Job Titles, Grade Levels and Position Descriptions – Request a summary of the company’s job titles, position descriptions, and grade levels within the R&D departments. This information is not the deciding factor in determining who is actually doing research or who is supervising the research. However, it will provide the agent with a basic understanding of how the company is organized from a managerial and reporting structure standpoint and will help eliminate those employees that, in all likelihood, qualify for the credit and focus the audit to those employees that may require further scrutiny.
Using Exhibit D – Research Credit Wage Issue Chart
The chart is a guide for the agent auditing the research credit in the pharmaceutical industry. The chart identifies various departments involved in the discovery, development and marketing of a drug product. The list is not exhaustive, but should be used in conjunction with the description of the various departments contained in these guidelines.
How to use the Chart
Once a determination is made to audit the research credit an agent should identify the different departments involved (reconciliation worksheet). Using the chart, identify the department and determine the audit issue for that department. Using the chart, Exhibit A, and other available records, an Information Document Request (IDR) can be prepared to focus on that issue.
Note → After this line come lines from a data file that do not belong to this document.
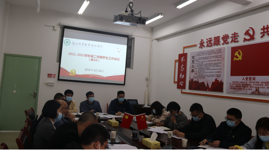 本网讯 4月18日上午,学院在江南校区行政楼四楼会议室召开2021-2022学年第二学期第4次学生工作例会部署近期疫情防控工作。院党委副书记严绍裕出席会议。学生工作部、安全保卫处、团委负责人,各系党总支书记、副书记参加了会议。会议由严绍裕副书记主持。
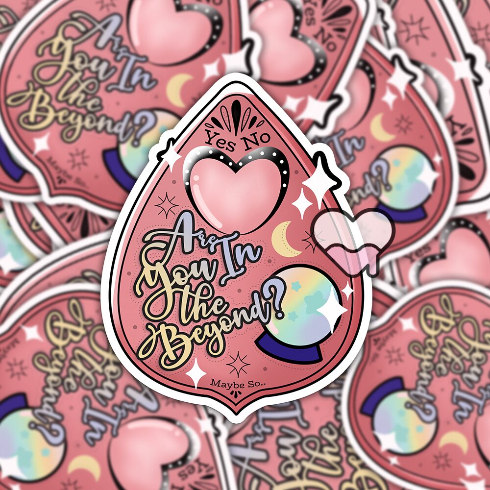 The design’s fun and mysterious aesthetic makes it a standout addition to any collection. The ouija planchette, with its traditional shape, is reimagined in an adorable style that adds a sense of light-hearted spookiness. The phrase “Are You In The Beyond” gives it a humorous twist, making it perfect for anyone who enjoys playing with the boundaries of reality—or at least joking about it! Whether you’re into mystical vibes or just love a good, sassy sticker, this one will add personality and flair to your favorite surfaces.
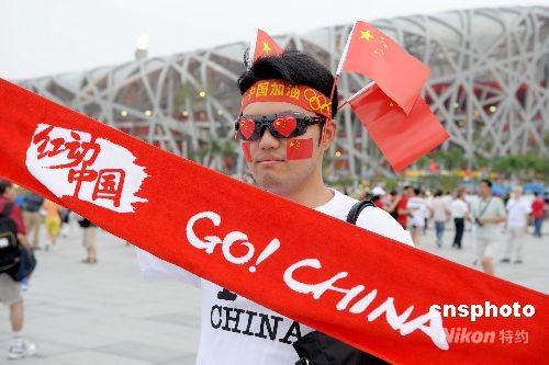 圖為北京年輕小伙打出“紅動(dòng)中國(guó)”拉拉隊(duì)橫幅。
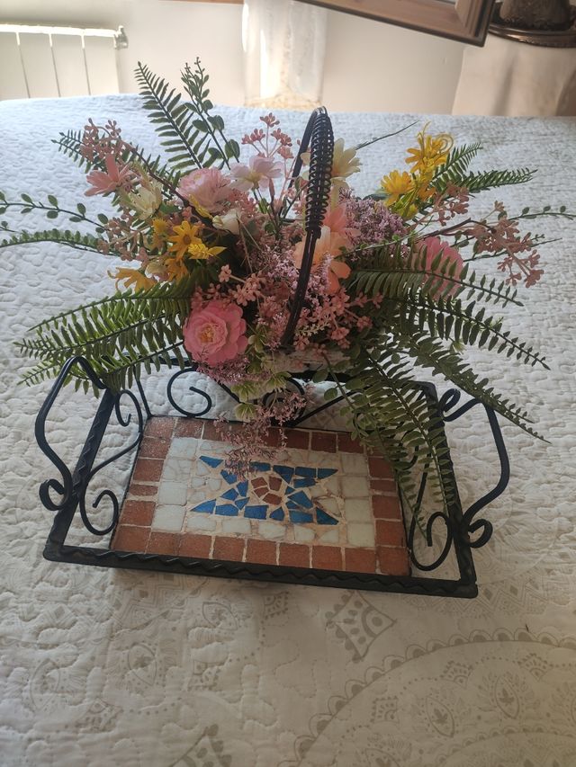 - Base de mosaico de cerámica con detalles azules y marrones.
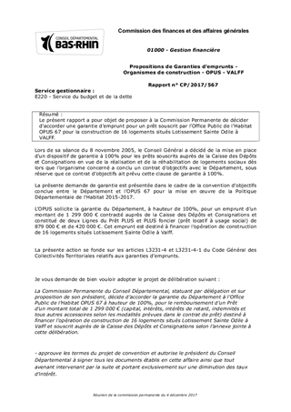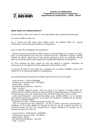 Le présent rapport a pour objet de proposer à la Commission Permanente de décider d’accorder une garantie d’emprunt pour un prêt souscrit par l’Office Public de l’Habitat OPUS 67 pour la construction de 16 logements situés Lotissement Sainte Odile à VALFF.
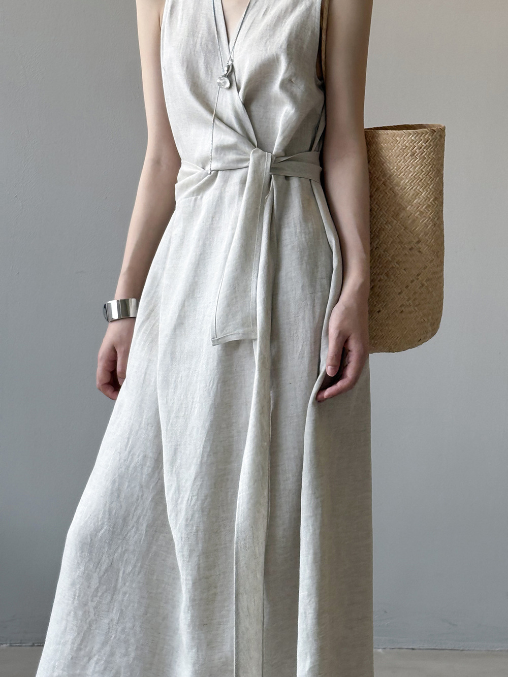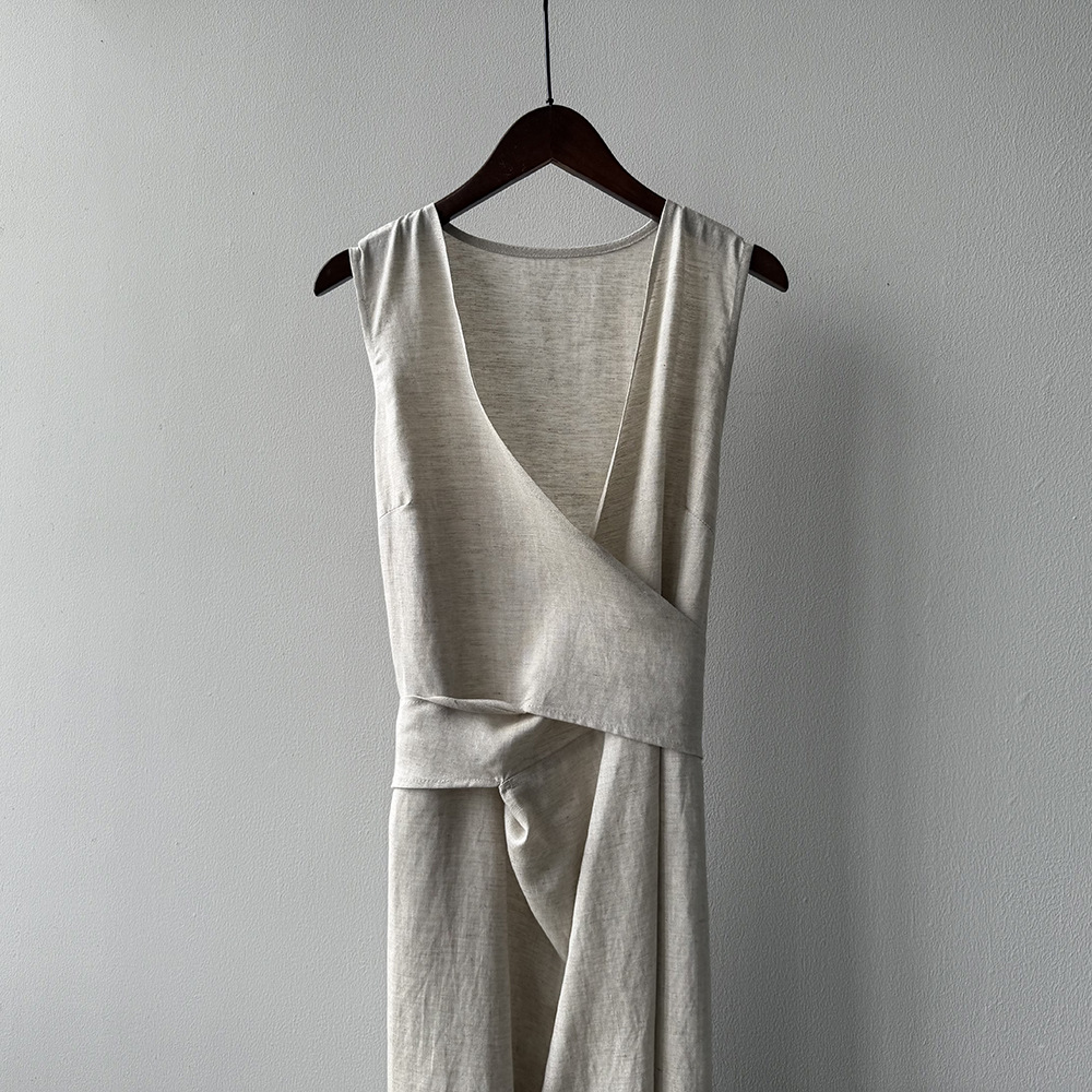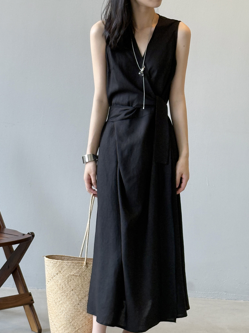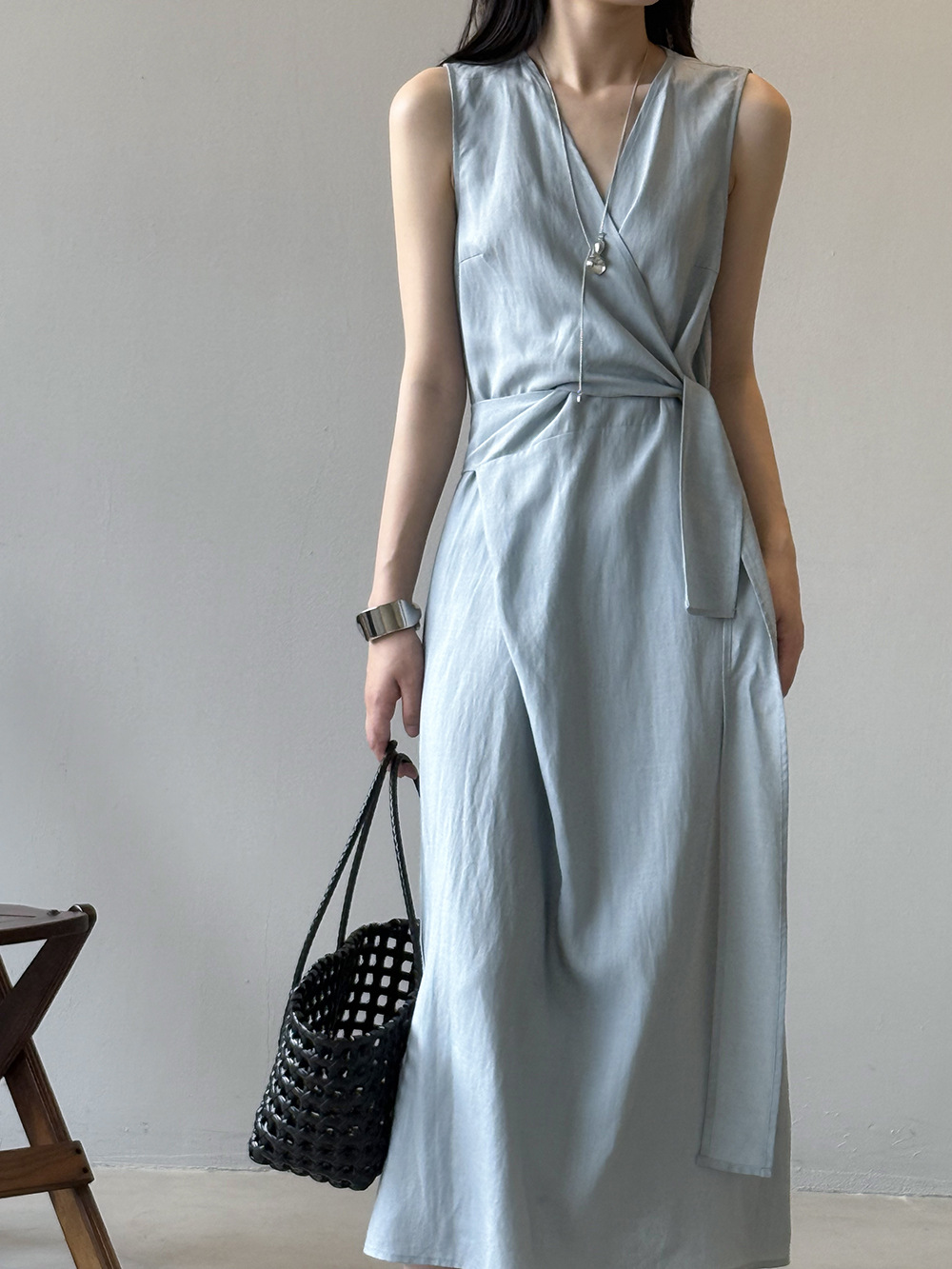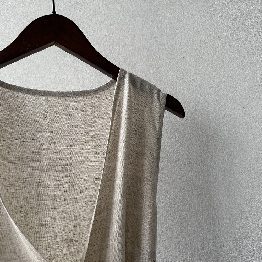 오래된 돈 바람 V넥 아마 스트랩 허리 수축 민소매 맨위 캐주얼 바지 여름 새로운 투피스 세트

Example: The Chemistry Department is being questioned. This department is in the preclinical phase of development with a low risk rating. On the attached chart, the significant issue to be resolved is the identification of the wages for employees above the first line supervision. Keep in mind that wages for employees above the first line supervision may be allocated if the employee personally engages in qualified activities.
Example: The Pharmaceutical Technology Department, in the Clinical phase, is identified as a medium audit risk. Here, the agent should determine whether the activities constitute qualified research. If the activities qualify, the agent will then have to determine whether the wages of the employees above first line supervision are included in the computation and adjust as necessary.